SoVote

Decentralized Democracy
  • Apr/5/22 2:00:00 p.m.

Hon. Michèle Audette: Honourable senators, my thoughts are with all of the souls who never returned to their lands from residential school.

As you know, last week, a delegation of First Nations, Métis and Inuit representatives met with Pope Francis to seek justice for the genocide perpetrated in the residential schools run by the Catholic Church, under the direction of the Government of Canada.

Residential schools were part of the deliberate assimilation efforts seeking to destroy our rich identities, cultures and languages and to wipe out our histories. Let me quote Grand Chief Mandy Gull-Masty of the Cree Nation, who was one of the representatives in the delegation that went to Rome.

[English]

“We cannot ignore the power of an apology,” she said, saying it can help spur forward efforts aimed at “transforming anger and hurt into a process of peace, love, and freedom.”

[Translation]

The Pope finally apologized to the delegation, but I am thinking of all those here in Canada. For some, this apology offered comfort. For others, it represented the beginning of true healing. But for many, the apology was meaningless, and for some people, it came too late.

We must allow everyone to accept or reject the apology. We must accept that survivors and their families have different healing journeys. We must walk alongside them, at their pace, free from judgment.

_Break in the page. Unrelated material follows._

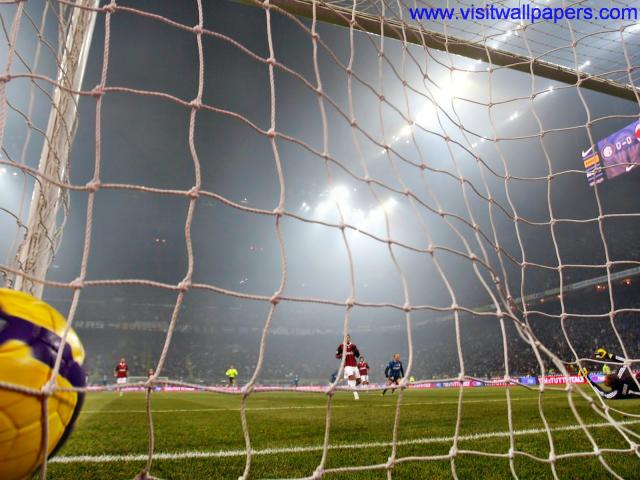soccer_85Soccer ball in goal. Soccer ball flew into the goal. Soccer ball bends the net, against the background of flashes of light. Soccer ball in goal net on blue background. A moment of delight. 3D illustration
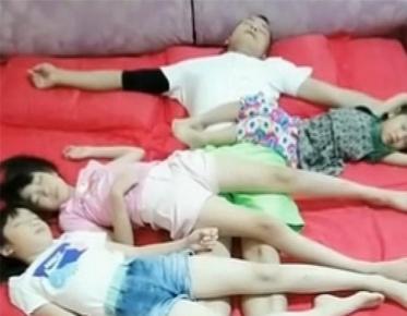 为什么会议论呢?因为这这段视频中,网友看到了爸爸和3个女儿都穿着短衣短裤,小女儿年龄小到没什么关系,但是大女儿和二女儿看上去年龄不小,都有十二三岁了还和爸爸睡在一起。

The Pope must also come here, to Canada, to apologize to all those who were not able to travel. This is where it all happened, where the harms were inflicted and the irreparable damage was done. On top of the apologies, the Pope must also agree to open the Vatican archives and provide the information that many of us and many families are missing, so that these people can start a real grieving and healing process and recover their dignity and identity.

The First Nations, Métis and Inuit have always been here. Since time immemorial, they have been the inhabitants of this country we call Canada. The reconciliation process calls for the eradication of acts based on one group’s dominance over another. That is why it is important to revoke the papal decree that gave rise to the Doctrine of Discovery and terra nullius.

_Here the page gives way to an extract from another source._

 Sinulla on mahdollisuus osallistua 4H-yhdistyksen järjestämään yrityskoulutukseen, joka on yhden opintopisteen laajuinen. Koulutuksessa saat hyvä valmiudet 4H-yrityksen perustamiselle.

As the Royal Commission on Aboriginal Peoples says so well in its report:

A country cannot be built on a living lie. We know now, if the original settlers did not, that this country was not terra nullius at the time of contact and that the newcomers did not ‘discover’ it in any meaningful sense. We know also that the peoples who lived here had their own systems of law and governance, their own customs, languages and cultures. They were not untutored and ignorant; they were simply cast by the Creator in a different mould, one beyond the experience and comprehension of the new arrivals. They had a different view of the world and their place in it and a different set of norms and values to live by.

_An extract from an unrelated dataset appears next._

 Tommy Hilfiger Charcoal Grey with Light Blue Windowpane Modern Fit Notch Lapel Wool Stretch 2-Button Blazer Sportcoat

Dear colleagues, reconciliation is achieved not through lip service, but through concrete action, such as celebrating the inclusion of the First Nations, Métis and Inuit in history books and establishing a university by and for First Nations that is rooted in the values, cultures, languages and knowledge of our great peoples, and that is also open to the world. I invite senators to embrace and promote the calls to justice of the National Inquiry into Missing and Murdered Indigenous Women and Girls and the calls to action of the Truth and Reconciliation Commission. Together, we can do great things.